Thursday, November 12, 2009

Health

Agony In the Bones

Arthritis is crippling more people, but there are nine key ways to beat the pain

By Josh Fischman and Katherine Hobson
Posted 6/19/05

It is a timeworn sign of old age and frailty. Yet arthritis often strikes the young. "At night, I just cried and cried because my feet hurt so much," says 11-year-old Leona West of Springfield, Ill. And it hits the strong. "It was like having a dentist drilling into my knees," says Rich Kase, 52, of Cuyahoga Falls, Ohio, an insurance broker, former college football player, and self-described jock. "I was up to 12 ibuprofen a day. I had a terrible time walking. I had to walk down hills backwards."
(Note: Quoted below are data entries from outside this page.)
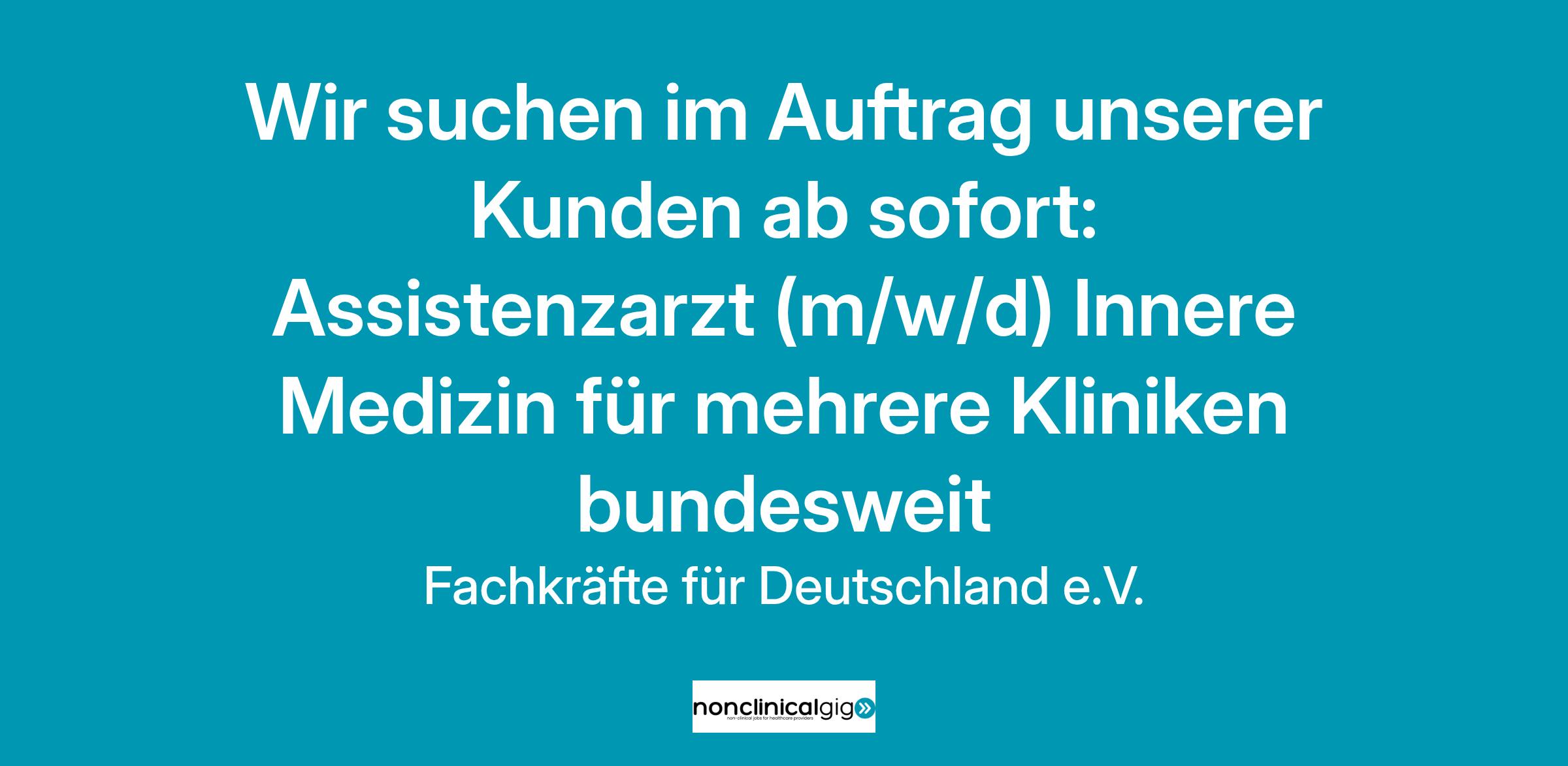 Wir suchen im Auftrag unserer Kunden ab sofort: Assistenzarzt (m/w/d) Innere Medizin für mehrere Kliniken bundesweit
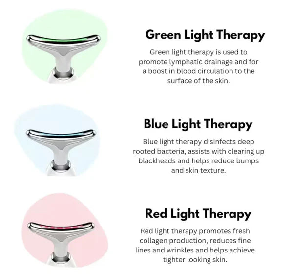 - Let the soothing lights of red, blue, and green LEDs work their magic. Red light revitalizes collagen, reducing fine lines and wrinkles, while blue light tightens your skin and improves its texture. Green light enhances cell oxygen utilization, promoting healthy circulation and balanced skin.
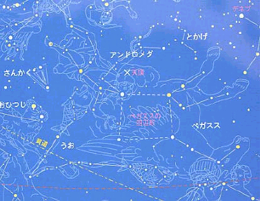まわりに目立つ星もなく四角形の星の並びが直ぐにそれと分かります。ペガスス座は形が雄大なほかはさしたる話題はありませんが、四角形の中は極端に星が少なく、まるで天を切り抜いたように真っ暗に見えるため、日本では「ます形星」等とも呼ばれています。
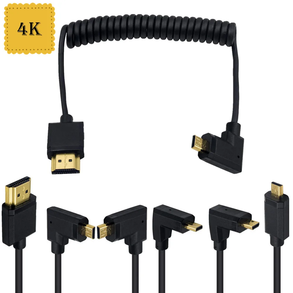 4K * 2K @ 60 Гц OD 3,2 мм Micro HDMI-совместимый с спиральным кабелем HDMI до 90 градусов Micro HDMI Удлинительный кабель HD

This disease of the body also has a terrible impact on the mind. "I got very depressed. I couldn't sleep. When pain is constant like that, it changes your personality. And it affected everyone around me," says Nora Baldner, 41, of Quincy, Ill., who had arthritis in both hips. "I'd pour evaporated milk on my kids' cereal because I didn't want to walk to the back of the supermarket where the real milk was."

Joint problems are now hurting and crippling 43 million Americans, and they're more costly than cancer or diabetes. The most common form, osteoarthritis, affects about 21 million. Rheumatoid arthritis, another common type, hits slightly more than 2 million. (There are 95 or so other forms, often affecting fewer people.) And the numbers are going up steadily. By 2025, the total is expected to top 60 million, as an obese population pounds more heavily on its joints and an active generation of baby boomers grinds them down.

What's worse, these people will be fighting the disease without medicines that had become staples of treatment: The drugs Vioxx and Bextra have just been yanked off the market because they appear to raise the risk of heart disease, and that same shadow of fear has been cast over remaining drugs like Celebrex and even ibuprofen--a medicine that had already worried doctors because heavy use can cause bleeding in the stomach.

Yet instead of being crushed, doctors and patients say there is now more hope for beating the disease than ever before. "Arthritis has always been looked at as the minor aches of getting old, and there's nothing you can do about it. None of that is true," says rheumatologist Roland Moskowitz, codirector of an arthritis research program at the University Hospitals of Cleveland. "We're seeing it in younger people. But you can arrest the disease, and you can manage the pain."

In osteoarthritis, doctors have recently learned how a program of exercise and simple braces can make major improvements in misaligned joints. The remaining anti-inflammatory drugs, it turns out, can be used to great advantage--especially when combined with medication that protects the stomach. And there have been tremendous strides in joint replacement surgery. For rheumatoid arthritis, there's a lot of excitement about new medicines known as biologic response modifiers, which can hit the disease hard and fast and either slow it down or stop it altogether. Says rheumatologist John Klippel, president of the Arthritis Foundation: "We have a huge amount of optimism. In the next decade, I think we're going to change the course of this disease."